Plenary Lecture

Multimedia Literacy in Preschool and Primary Education

Assistant Professor Nives Mikelic Preradovic
Faculty of Humanities and Social Sciences
University of Zagreb
Croatia
E-mail: nives.mikelic@gmail.com

Abstract: Multimedia literacy represents a set of skills enabling individuals to effectively find, interpret, use, evaluate and even create multimedia. It encompasses abilities needed to process and exploit all components of multimedia: text, sound, image, animation, video and interactivity.
According to UNESCO, alphabetic literacy (the ability to identify, understand, interpret, create, communicate, compute and use printed and written materials associated with varying contexts) is a human right and the foundation of all learning. It is also a skill that begins in infancy and continues to grow over the lifetime.
But, today’s children are not limited to written materials; they are frequentconsumers of multimedia, surrounded by video games and dynamic media with a high level of interactivity. They prefer the content presented by graphics, sound and video more than written materials and are impatient for the traditional slow systematic transfer of the learning content. Therefore, they must be taught to construct meaning from multiple modes of presentation of the learning content and to evaluate the multimedia.
The first part of the lecture summarizes the necessary elements of multimedia literacy education, its key stakeholders and emphasizes its role in the early years of life.
Parents, caregivers and educators all play a role in building the foundation for multimedia literacy. The need for multimedia literacy education puts forward new requirements to caregivers, parents and educators, who are expected to become multimedia literate lifelong learners. On the other hand, preschool and primary school literacy education still tends to focus on alphabetic literacy and traditional approach that does not take into account the wealth of knowledge children acquire through everyday contact with constantly evolving multimedia environments.
In the second part of the lecture, a new paradigm implied by multimedia competencies will be discussed.
Although they recognize the importance of children to be multimedia literate, a large percentage of preschool and primary school systems in the developed world still does not include multimedia literacy into the obligatory curriculum. If a curriculum combines multiple instructional tools (text, sound, video and images), it is possible to attract children’ attention and deepen their learning experience.
Therefore, the last part of the lecture will summarize approaches, similarities, differences, advantages and issues of introducing multimedia literacy education in preschools and primary schools in different countries of the world.

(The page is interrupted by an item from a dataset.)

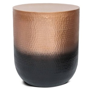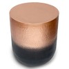 Add warmth and dimension to your space with the Kacy 19-inch Metal Side Table in Copper Ombre from the WyndenHall Collection. This bold, sculptural side table is handcrafted from durable hand-hammered iron, with a stunning ombre finish that fades from luminous copper to deep black. Its compact, round design makes it an ideal accent next to a sofa, reading chair, or bedside, offering just the right amount of surface space for a drink, book, or small lamp. A clear powder-coated finish enhances the texture and protects the color from everyday wear, while integrated floor protectors ensure it stays gentle on hardwood and tile. With no assembly required and eco-conscious packaging, this statement side table arrives ready to impress.

Brief Biography of the Speaker: Nives Mikelić Preradović is assistant professor at the Department of Information Sciences, Faculty of Humanities and Social Sciences, University of Zagreb. She obtained her MA in Croatian language and literature and Information sciences at the University of Zagreb andher MPhil in Natural Language Processing at Cambridge University, UK. She obtained her PhD in 2008 at the Zagreb University on the development of the Croatian Valency Lexicon – Crovallex and accentual-derivational models for Croatian nouns and adjectives as well as accentual-conjugational model for verbs. In 2006 she spent a semester doing teaching and research at Georgetown University, USA. She published a book, 22 journal papers, 15 book chapters and about 12 scientific papers in conference proceedings, part of them in WSEAS conferences. She was the editor of 2 WSEAS conference proceedings. Her research interests include developing multilingual valency lexicons, morphosyntactic annotation, sentiment analysis (opinion mining), computer-assisted language learning, multimedia, text summarization and service learning (community-based learning).
Prof. Mikelić Preradović participated in several international and national projects: ACCURAT (Analysis and evaluation of Comparable Corpora for Under Resourced Areas of machine Translation), CESAR (CEntral and South-east europeAn Resources), Abu-MaTran (Automatic Building of Machine Translation), Typology of Knowledge and Information Processing Methods and Design and Management of Public Knowledge in the Information Space.